Returns a FindingList of QualityFindings covering unresolved references, compile issues, protected columns, and — where checkable today — unique, allowed_values, and range violations.

Everywhere the policy threads¶

fd.clean(df, context=..., policy=..., strict=...)
fd.suggest_plan(df, context=...)          # the plan's config carries the policy
fd.clean_csv("in.csv", context=...)
fd.Cleaner(context=...)                   # reusable, compiled per frame

context= and policy= are mutually exclusive; passing both raises. On the CLI:

freshdata clean input.csv -o output.csv --context-file rules.txt
freshdata clean input.csv -o output.csv --context-file rules.txt --strict
freshdata policy compile rules.txt --schema input.csv --output policy.json

policy compile prints the human-readable summary; --strict exits non-zero on unresolved or unparsed lines (handy as a CI gate for the committed rules.txt).

How a policy lowers into the engine¶

policy.lower(config) is a pure function producing a new CleanConfig:

protected columns → preserve_columns + semantic_context mutable=False
unique columns → id_columns (imputation/outlier veto for free) + validation metadata
valid_format / locale_format → per-column semantic_type (+ region) hints
imputation confidence gates → per-column impute_min_confidence metadata
allowed_values / range → per-column validation metadata
dedup keys → duplicate_subset

The lowered config is what actually runs — the existing pipeline, unchanged. Every compile is audited: the report gains a context action carrying the full policy dict, plus a warning per unresolved/unparsed item.

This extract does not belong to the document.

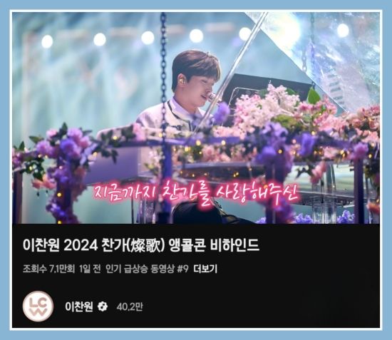 최근 이찬원의 공식 유튜브 채널(또튜브)에는 "이찬원 2024 찬가(燦歌) 앵콜콘 비하인드"라는 제목의 영상이 게재됐다.

Guarantees and limitations¶

context=None is a no-op. Not passing a context changes nothing, byte for byte — the compiler is never even imported.
Deterministic tier-0 only. This is a fixed pattern lexicon, not natural language understanding. Phrasings outside it are surfaced as unparsed, and that is by design: a rule the compiler cannot prove it understood is a rule it refuses to half-apply.
No model, no network, no new dependency. Pure Python + stdlib.
Protection wins ties. A column that is both protected and asked to be repaired compiles with the repair demoted to validation and an explicit protection_conflict issue (an error under strict).
Phase-2 enforcement. valid_format(email) and locale_format(phone, region=IN) now drive deterministic value experts (email normalization, Indian phone canonicalization to +91XXXXXXXXXX), allowed_values drives the reference-list expert, imputation confidence gates ("only if confidence >95%") are enforced inside the statistical engine, and protected columns are physically verified byte-identical before any result is returned (fd.ProtectedColumnError on violation). See repair-plans.md for the reviewable plan/apply workflow. drop_if/rename/map rules are still compiled and carried in the policy but not yet executed.

See the notebook notebooks/06_context_cleaning.ipynb for the full ecommerce walkthrough.